Tym większe brawa należą się aktorce, która przyznaje, że zanim dostała tę rolę, polityka niezbyt ją interesowała.
"Miałam pewne problemy z opanowaniem niektórych dialogów. Mylił mi się na przykład parytet z większością bezwzględną" - śmieje się aktorka. Ostatecznie jednak Katarzyna za swoją rolę zbiera świetnie opinie krytyków. Dawno w żadnym serialu nie było tak wyrazistej postaci. Ale w końcu "Ekipa" to dzieło wybitnej reżyserki Agnieszki Holland.

Jak płatny morderca...
Kariera Katarzyny Herman nabrała rozpędu, kiedy aktorka skończyła 30 lat. Widzowie zaczęli ją rozpoznawać po roli Karoliny Waligóry w popularnym serialu "Magda M." "To był dla mnie trening i oswojenie się z kamerą" - wyznaje. Tłumaczy, że aktor jest człowiekiem do wynajęcia, trochę takim jak płatny morderca. - "Trzeba być cały czas czujnym i roztrenowanym, a gdy przyjdzie ten moment - gotowym do strzału, gotowym na wszystko" - mówi w jednym z wywiadów.

Tajemnica sylwetki
W pracy jest zawsze przygotowana i "gotowa do strzału", a w życiu prywatnym Katarzyna jest mamą trzyletniego Leona i partnerką księgarza Tomasza Brzozowskiego. Razem są już kilkanaście lat i podobno planują ślub na Mazurach...
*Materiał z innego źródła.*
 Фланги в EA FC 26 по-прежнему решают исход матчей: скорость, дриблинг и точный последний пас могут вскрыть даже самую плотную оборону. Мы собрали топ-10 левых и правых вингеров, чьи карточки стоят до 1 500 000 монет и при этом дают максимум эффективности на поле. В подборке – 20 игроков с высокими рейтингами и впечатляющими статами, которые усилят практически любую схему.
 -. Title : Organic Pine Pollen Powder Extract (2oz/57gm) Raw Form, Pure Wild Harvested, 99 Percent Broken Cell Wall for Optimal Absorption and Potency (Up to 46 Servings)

Rodzina to dla niej bezpieczna przystań i najważniejsi ludzie na świecie, a przy okazji Lolek pomaga mamie zachować szczupłą sylwetkę.
"Mieszkamy na wysokim trzecim piętrze bez windy i czasem zdarza mi się wnosić syna na rękach" - aktorka zdradza sekret swojej zgrabnej figury.
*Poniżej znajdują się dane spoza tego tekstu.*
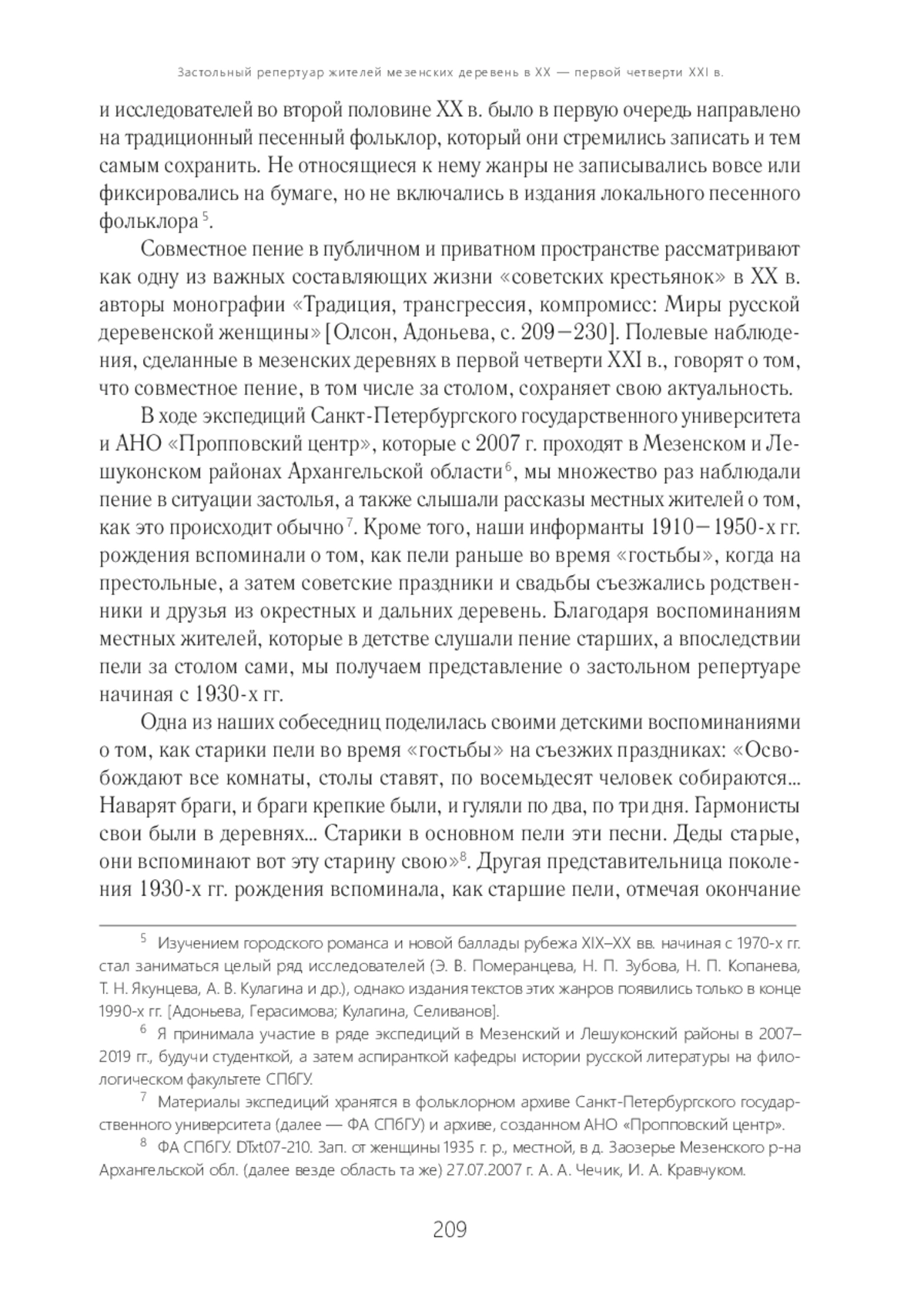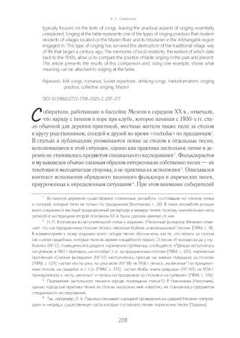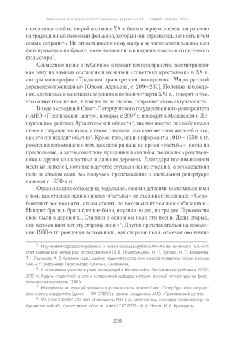 Собиратели, работавшие в бассейне Мезени в середине XX в., отмечали, что наряду с пением в хоре при клубе, которое начиная с 1930‑х гг. ста‑ ло обычной для деревни практикой, местные жители также пели за столом в кругу родственников, соседей и друзей во время «гостьбы» по праздникам 1. В статьях и публикациях упоминаются пение за столом и отдельные песни, исполнявшиеся в этой ситуации, однако как практика застольное пение в де‑ ревне не становилось предметом специального исследования 2. Фольклористов и музыковедов обычно главным образом интересовали собственно песни — их текстовая и мелодическая стороны, а не практика их исполнения 3. Описывался контекст исполнения обрядового песенного фольклора и лирических песен, приуроченных к определенным ситуациям

Kasia trochę się obawiała, że po zagraniu w dwóch serialach, czyli w "Magdzie M." i zaraz potem w "Ekipie", widzowie będą nią znudzeni. Planowała więc zrobić sobie przerwę, w czasie której mogłaby zająć się domem. Byle tylko ta przerwa nie była zbyt długa... bo z każdą kolejną rolą Katarzyna jest coraz lepszą aktorką!